Towards a molecular understanding of the interaction between Mint1 and Munc18a in the regulation of synaptic vesicle exocytosis

S Weeratunga1, E Livingstone1, J Martin1,2 and B Collins1

  1. Institute of Molecular Bioscience, The University of Queensland, Brisbane, Queensland, 4072, Australia
  2. The Eskitis Institute for Drug Discovery, Griffith University, Brisbane, Queensland, 4111, Australia

Munc-18-interacting (Mint) proteins are believed to act as adaptors and regulatory proteins involved in neuronal membrane trafficking. These are multi domain proteins composed of variable isoform specific disordered N-terminal regions, and a conserved C-terminal region that includes a PTB and two PDZ domains. Three mammalian Mint isoforms (Mint 1, 2 and 3) have been identified, but only the closely related Mint 1 and 2 are known to interact with the essential synaptic protein Munc18a and play redundant roles in the regulation of synaptic vesicle fusion during neurotransmission.
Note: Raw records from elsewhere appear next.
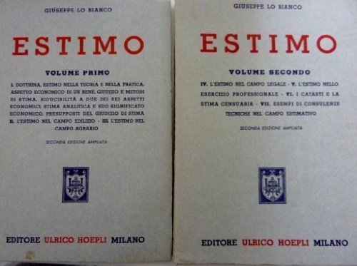 ESTIMO - Volume Primo : Dottrina, Estimo nella Teoria e nella Pratica,Aspetto Economico di un bene,giudizio e metodi di stima,riducibilità a due dei sei aspetti economici,stima analitica e suo significato economico,presupposti nel giudizio di stima, l' Estimo nel campo edilizio, l'Estimo nel campo agrario; Volume Secondo: l' Estimo nel campo legal,l'Estimo nell'esercizio proferssionale,i catasti e la stima censuaria,esempi di consdulenze tecniche nel campo estimativo. SECONDA EDIZIONE AMPLIATA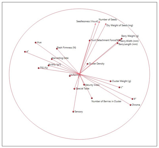 Finally, results obtained from principal component analysis (PCA) data (Figure 4) indicated that some of the evaluated fruit trait criteria acted together. Among these, seedlessness, number of seeds, and dry weight of seeds formed a group. The second group included berry-related traits, and another group contained fruit colour values such as L, b, and chroma, while in the next group there were some criteria related to fruit quality. It was also determined that the results of the sensory evaluation were in a different position to other criteria.
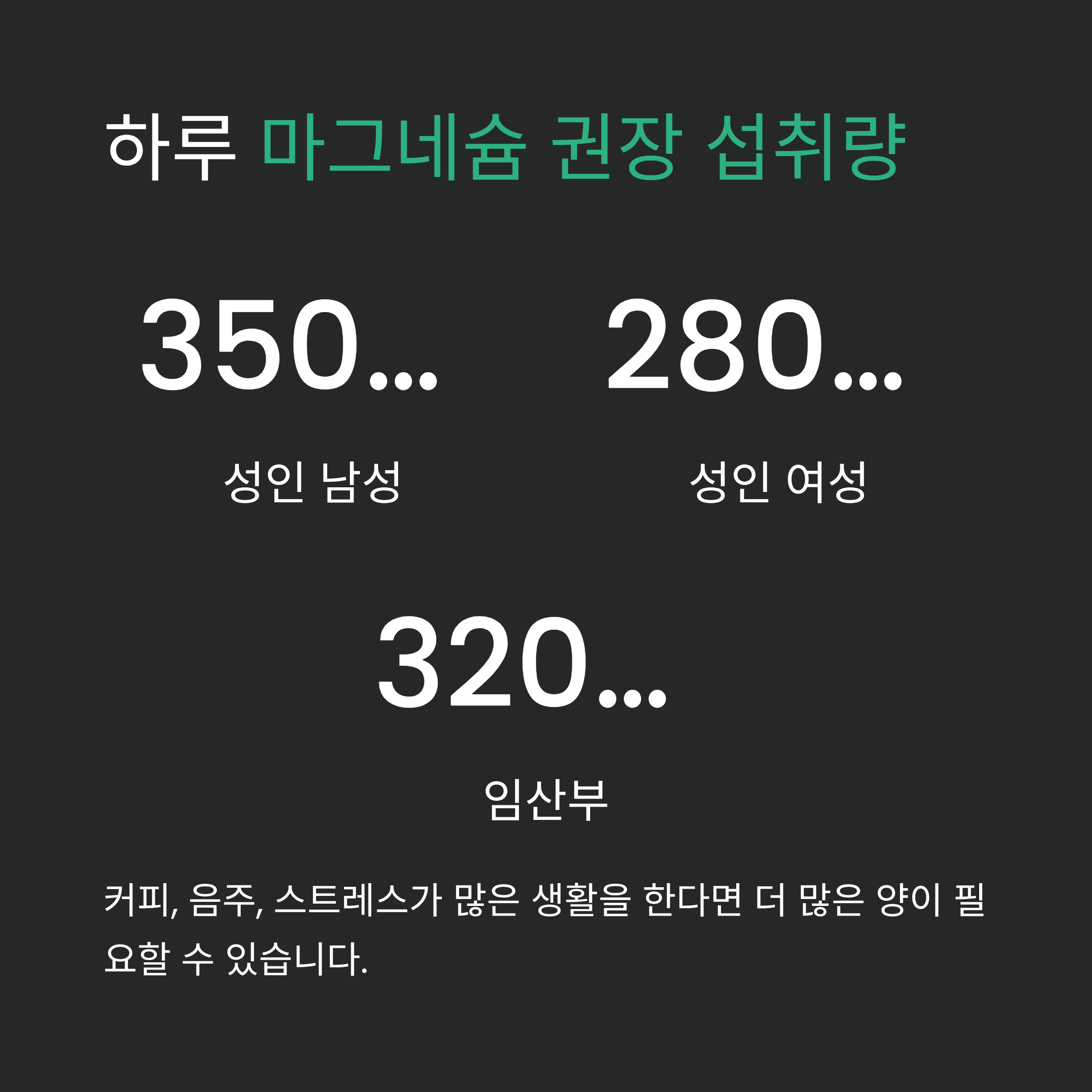 성인 기준으로 하루 마그네슘 권장 섭취량은

Here, we identify the shortest region of Mint1 that is required for interacting with neuronal Munc18a, but not the Munc18c homologue found in other secretory cells. Munc18a controls the fusion of synaptic vesicles with the plasma membrane by binding the syntaxin-1 SNARE protein and regulating formation of the fusogenic SNARE complex. We find that the binding affinity of Munc18a and Syntaxin1 is significantly reduced in the presence of Mint1, suggesting an allosteric behaviour between Mint1 and Syntaxin1 upon binding to Munc18a. Moreover, our recent data show that the Mint1 peptide does not bind to Munc18a Δ317-333, where we have deleted a flexible loop within Munc18a proposed to regulate SNARE complex assembly. While speculative, our data suggests that Mint1 may function to control a key trigger point in SNARE complex assembly and vesicle fusion, and we are now pursuing further structural and functional studies to test this hypothesis.